Published on 21 July 2015

Writing competitions are a two-edged sword, says Singapore Literature Prize winner Josephine Chia.

When I was writing Kampong Spirit Gotong Royong: Life in Potong Pasir 1955 to 1965, I wasn’t thinking about winning any prize. I’m from the last generation of Singaporeans who would have lived and known about the kampongs, so I felt it was my social responsibility to record it. I think the book won the 2014 Singapore Literature Prize (SLP) for Non-Fiction because that was a very crucial period in Singapore’s history and we’re celebrating SG50 this year.

Until then, the SLP didn’t have a category for Non-Fiction. It was also the first year I was eligible for consideration. I’m a British citizen, so I was never eligible for any Singapore literary award. But two years ago, I decided to return to Singapore and be a Permanent Resident. Timing-wise, I was really lucky!

Having said that, I always tell my students and mentees it’s important to get your work out there. For that reason, I see the merit of writing competitions. When I was about eight or nine, I overheard my English teacher telling another teacher about my composition. She said, “You know this child? There is a writer in her.” Gosh, that was my dream and someone was actually affirming it! To me, winning a writing competition is that: an affirmation you’re on the right track.

By the time I was first published, I was in my 20s, a dental nurse and a closet writer. One of my short stories was selected for publication in Singa, a Singapore literary journal. Although I still didn’t feel like I could make it as a writer, it served as a huge confidence-booster for me to see my words and name in print.

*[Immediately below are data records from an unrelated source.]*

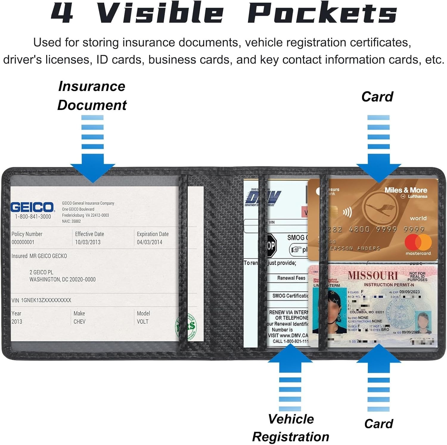 Car Registration and Insurance Holder, Premium Pu Leather Vehicle Glove Box Orga
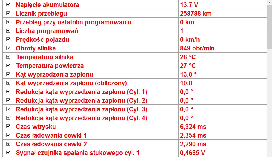 W załączeniu dodaje screeny z MES'a na ciepłym silniku i PB. Jutro wstawię screeny na zimnym.
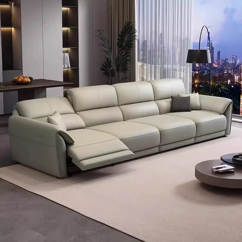 イタリアンミニマリズムの多機能電動レザーソファ - モダンな小型リビングにぴったり!スマートなファーストクラスの快適さをお届けします。

When I was living in England, I took part in writing competitions too. An interesting one, in 1992, was launched by the Irish novelist Ian St James. From thousands of entries, I ended up being one of 12 winners. This prize really opened doors for me. For a long time, I always felt very small as a writer in England. Suddenly, I didn’t feel like an outsider. I’m a British writer. I’m a writer.

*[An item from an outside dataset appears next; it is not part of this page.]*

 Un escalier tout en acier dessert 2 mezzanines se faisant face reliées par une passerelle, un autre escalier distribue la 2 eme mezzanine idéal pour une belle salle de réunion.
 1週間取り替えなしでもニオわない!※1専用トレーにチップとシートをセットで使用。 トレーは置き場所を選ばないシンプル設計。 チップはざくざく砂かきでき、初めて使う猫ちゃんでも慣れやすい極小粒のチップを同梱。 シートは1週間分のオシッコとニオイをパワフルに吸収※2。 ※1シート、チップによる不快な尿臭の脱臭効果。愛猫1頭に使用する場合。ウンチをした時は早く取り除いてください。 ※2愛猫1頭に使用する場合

Through it all, I’ve never felt the pressure of being judged because it’s not an ego trip. I absolutely love writing and setting new challenges for myself: can I write to that theme? For short stories — where you know the theme, length and target audience — it’s possible to write for a prize. But not for a novel, I don’t think.

A novel has a life of its own and deals with many layers of issues. For example, To Kill a Mockingbird is a simple story but it has universal resonance because it says something about the society at that time. It takes courage to have a social conscience and to write with depth. Maybe that’s why Singapore has not had a Booker Prize novel yet?

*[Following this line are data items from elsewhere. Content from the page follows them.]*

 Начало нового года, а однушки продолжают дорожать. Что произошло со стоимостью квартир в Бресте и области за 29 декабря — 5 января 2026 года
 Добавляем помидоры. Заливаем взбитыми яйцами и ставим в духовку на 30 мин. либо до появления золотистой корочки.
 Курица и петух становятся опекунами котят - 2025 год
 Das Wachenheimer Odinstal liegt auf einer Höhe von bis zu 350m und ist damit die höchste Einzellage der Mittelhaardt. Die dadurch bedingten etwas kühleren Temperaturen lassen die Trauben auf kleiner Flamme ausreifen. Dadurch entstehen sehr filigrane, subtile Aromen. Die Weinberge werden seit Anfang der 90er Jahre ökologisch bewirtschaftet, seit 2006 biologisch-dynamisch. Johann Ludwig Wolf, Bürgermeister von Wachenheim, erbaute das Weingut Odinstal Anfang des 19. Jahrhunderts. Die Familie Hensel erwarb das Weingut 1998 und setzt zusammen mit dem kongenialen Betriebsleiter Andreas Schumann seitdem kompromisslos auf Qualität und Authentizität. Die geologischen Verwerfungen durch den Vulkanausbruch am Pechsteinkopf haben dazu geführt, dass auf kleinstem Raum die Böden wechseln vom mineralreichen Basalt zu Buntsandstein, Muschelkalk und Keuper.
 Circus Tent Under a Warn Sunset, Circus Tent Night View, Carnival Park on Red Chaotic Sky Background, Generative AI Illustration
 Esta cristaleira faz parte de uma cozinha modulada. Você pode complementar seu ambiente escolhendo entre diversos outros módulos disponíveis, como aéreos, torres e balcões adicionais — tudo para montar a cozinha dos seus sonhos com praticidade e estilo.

I think with awards, you must be careful. If it encourages you to write, that’s good. But if it’s your be-all-and-end-all, you will end up writing to please people instead of staying true to what you want to say. Fame is transient. So I always tell my students: be true to yourself, be authentic in your writing.

It’s a very fine line, having a firm belief in what you want to say and being humble and open to feedback. I see it as character-building. The question is, where is that line for you?

Josephine Chia is a Peranakan author whose book, Kampong Spirit Gotong Royong: Life in Potong Pasir 1955 to 1965, won the Singapore Literature Prize for Non-Fiction in 2014. That same year, she was awarded the inaugural National Arts Council (NAC)-Gardens by the Bay Writers’ Residency. Chia is also a mentor for the Ministry of Education’s Creative Arts Programme and the NAC’s Mentor Access Programme. She writes fiction and non-fiction, and is internationally published. Her short stories have been published in anthologies in the United Kingdom, United States, Malaysia and Singapore. Her latest novel is scheduled for a book launch at the Singapore Writers Festival 2015.